Bravery part 2 | Teen Ink

Bravery part 2

December 21, 2009
By courtney smotkin SILVER, Manhasset, New York
courtney smotkin SILVER, Manhasset, New York
7 articles 0 photos 0 comments

That was a year before, when Aimie was ten. Not much had changed, except now she was eleven and she never saw Jackson or Zachary much anymore. Today was sunny and few clouds dotted the eye-blinking blue sky. The air smelled crisp and cold, but the chill didn’t bother her. Aimie happily walked home from school at three thirty, her nose turning red in the early March air. Her backpack was heavy with textbooks, notebooks, and everything else that she had to lug back and forth everyday, so she was forced to sway back and forth under it as she walked. Even so, she gazed at the tiny, white, cotton clouds dancing across the sky and imagined herself on one of them, twirling happily and free, in a whole world in the sky. Just like one of her favorite Broadway songs from Les Miserables, ‘Castle on a Cloud’. She began to hum and drifted off into her own world. CRASH.

She sat on the ground. “Ow…” she mumbled. She turned her head to see a kid about her age sitting on the ground next to her rubbing his head. He had shaggy red hair and freckles, and looked like a real-life version of Peter Pan from the Disney movie. A blue bike was next to him. He looked up and saw her.

“I am SO sorry, I didn’t mean to-“

“It’s okay, really. I’m fine.”

He helped her up, and she helped him put his bike upright.

“Oh, the gears are all messed up. And I can’t fix them by myself, my dad has to fix them for me.”

“Then go find him.”

“He’s never home.”

There was a pause. “I know how you feel.” She looked up. “There’s a bike shop by my apartment that would help you. Want me to show you where it is?”

“That’s perfect! Thanks, uh…”

“Aimie.”

“Eddie.”

As they walked to the bike shop, they found out that they didn’t live very far from each other. They just lived on the other side of the school district cut-off line from each other, so that’s why they had never seen each other at school before. For the next few days after school they met each other on the same corner they saw each other for the first time. They had become best friends. In a way he completed her. She was shy and he was loud and outgoing, she was afraid and he was brave. He always asked her how her singing practice for the tri-school talent show was going, and she always asked him how his bike races were going. She longed to be like him. The thing she liked best about him was that he reminded her of Luke.

One day after school they decided to go to central park, and spend the afternoon there.
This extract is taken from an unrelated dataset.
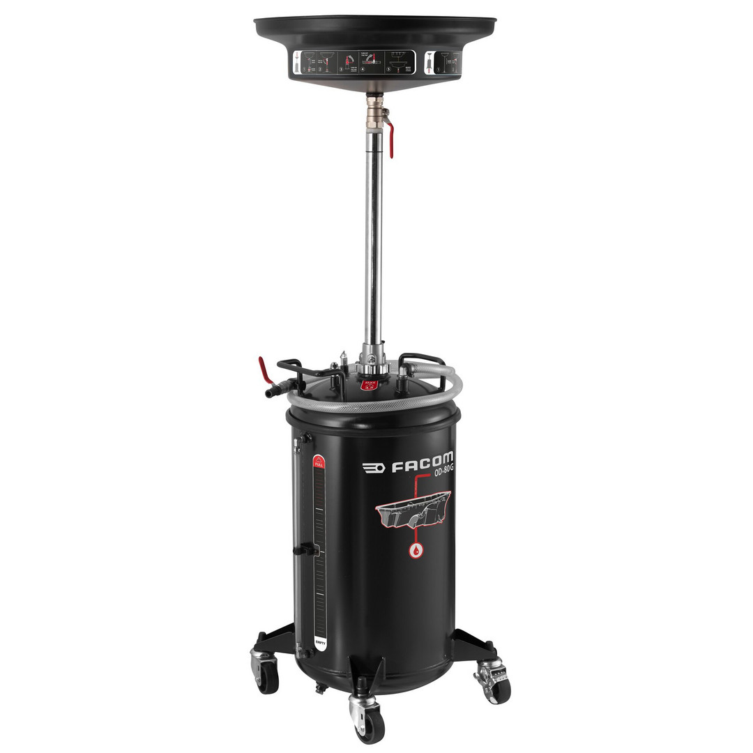 Récupérateur d'huile pour vidange par gravité - cuve 80 litres - hauteur de 1,14 à 1,68 m - grille anti-projection - 4 roues orientables - jauge de niveau - vidange cuve par air comprimé équipée valve de sécurité - FACOM OD.80GPF

Aimie called her brother from Eddie’s cell phone to tell him where she was.


“Hi, Luke. I won’t be home until dinner.”

“Where are you?”

“Central Park. By the boathouse. “

“Who are you with? That Eddie kid again? What’s his last name?”

“Weistley.”

“Eddie Weistley?”

“Yep.”

“Aimie, I’d feel better if you came home sooner.”

Aimie stopped. Her brother had never told her he would ‘feel better’ if she didn’t do something. She wasn’t doing anything bad. Taken by surprise, she only answered, “alright.”

“Be home in twenty minutes, okay?”

Aimie said good-bye to Eddie and started home.

The door creaked as she stepped into her apartment. Luke was in the kitchen. It smelled of Chinese takeout. Luke never ordered Chinese takeout unless he was worried about something, it was his comfort food. “Big test coming up?” She asked, dropping her backpack on a chair as she walked in.

“No.”

Aimie looked at him, searching for an answer in his pursed eyebrows and his long gaze out the window. She took a plate out of the cupboard and dug some noodles out of the carton on the counter. “Why did you want me home so early? Something happen at Central Park that worries you?”

“No, Central Park is fine.” He lowered his gaze. His laptop was open on the kitchen table.

“What are you doing on your laptop?”

Luke just kept looking at the screen. Aimie lowered her gaze. Only one thing caught her eye: An old, familiar name she hadn’t thought about in months. Jackson Weistley.